You’ve heard the flight attendant say it many times: “In the event of cabin depressurization, masks will descend from above your seat. Please put on your own mask before assisting any children who may be traveling with you.” Most of us understand the reason behind the instruction: as parents, our natural tendency is to throw ourselves in front of any type of danger we see coming toward our children. But if you pass out because of lack of oxygen, you can’t help your child, even if she’s seated right next to you on the airplane. So, you need to make sure you’re safe first, and then you can better ensure your child’s safety.

The same principle applies to those in or preparing for retirement with regard to their adult children. One of the most common problems faced by older persons is the tension they feel between securing their own financial wellbeing during retirement and providing assistance to an adult child who is struggling. If you think these words are aimed at you, keep in mind that according to a recent survey of 1,000 parents with at least one child 18 or older, fully half of working parents in the US say they provide financial support for adult children; on average, they say they give the kids $1,000 per month for categories like phones, insurance, rent, educational expenses, and others. Perhaps even more telling is that parents preparing for retirement while supporting adult kids spend 23% more on their kids than on contributing toward their retirement.
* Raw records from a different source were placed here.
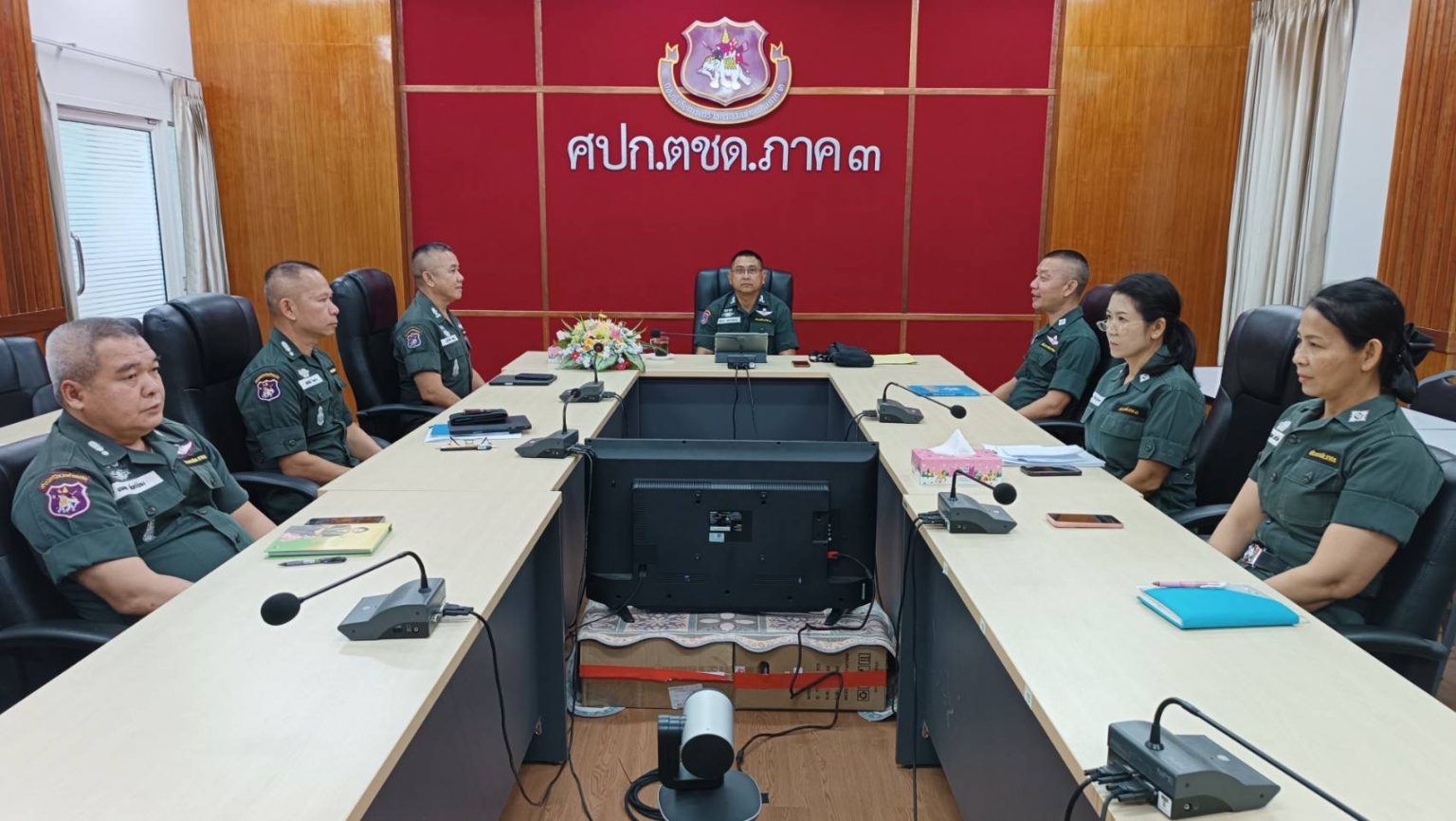 เมื่อ 10 ก.ค.67 เวลา 10.00 น. พ.ต.อ.รังสิมันต์ สงเคราะห์ธรรม รอง ผบก.ตชด.ภาค 3, พ.ต.อ.อภิชาติ รักพงษ์ รอง ผบก.ตชด.ภาค 3 พร้อมด้วย รอง ผกก.ฝอ.บก.ตชด.ภาค 3, สว.ฝอ.บก.ตชด.ภาค 3 เเละ ผบ.ร้อย สสน.ฝอ.บก.ตชด.ภาค 3 ร่วมเฝ้าฟังการประชุมมอบนโยบายการปฏิบัติราชการเเละรับการตรวจเยี่ยม บช.ตชด. จาก พณฯ เศรษฐา ทวีสิน นายกรัฐมนตรี ด้วยระบบทางไกลผ่านจอภาพ ณ ห้องประชุม ศปก.ตชด.ภาค 3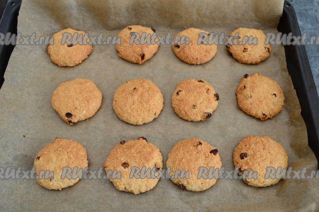 Домашнее овсяное печенье с изюмом выпекать в разогретой до 180 градусов духовке в течение 15-20 минут. Слишком сильно оно не подрумянится и будет достаточно светлым. Я в течение 1 минуты подрумянила его на режиме "Гриль" .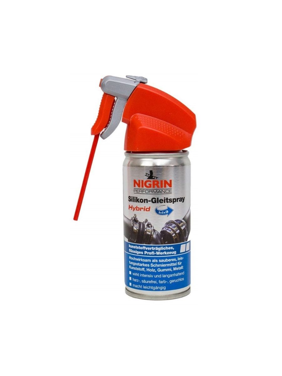 NIGRIN хибриден силиконов спрей 100 мл е висококачествен продукт за смазване, поддръжка и дълготрайна защита на пластмасови, гумени и метални повърхности.

Of adult children living with their parents, 62% make no contribution toward household expenses. No wonder that 70% of parents surveyed say they’re stressed out about retirement!

We often counsel clients that, as in the air travel example, if they sacrifice their own financial wellbeing in order to take care of adult children who are capable of taking care of themselves, they are placing an unfair burden not only on themselves, but on the very kids they’re trying to help. In other words, one of the best things you can do for your children is to make sure they don’t have to support you in your later years. And for some parents, that means creating some careful and clear boundaries between their finances and their adult children’s circumstances.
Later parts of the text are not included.